## TASK
Output the full listing exactly as written, with no pictures in it.

-------- COLLECTED DATA --------

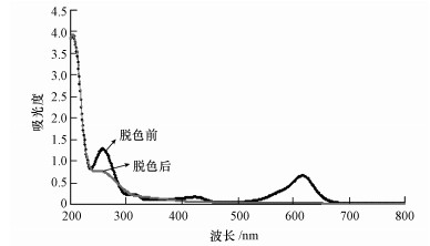 圖 5孔雀石綠脫色前后的全波長掃描圖譜
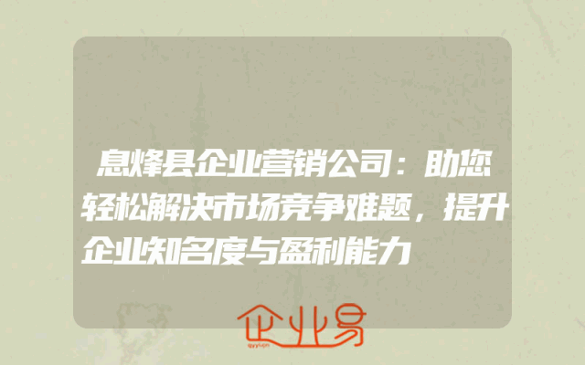 - 息烽县企业营销公司:助您轻松解决市场竞争难题,提升企业知名度与盈利能力
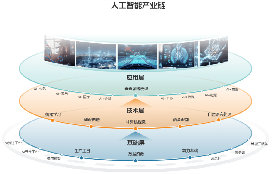 人工智能的产业链大致分为上游的基础支持层、中游的中间技术层和下游的应用层。

--------

## RESPONSE
 圖 5孔雀石綠脫色前后的全波長掃描圖譜
 - 息烽县企业营销公司:助您轻松解决市场竞争难题,提升企业知名度与盈利能力
 人工智能的产业链大致分为上游的基础支持层、中游的中间技术层和下游的应用层。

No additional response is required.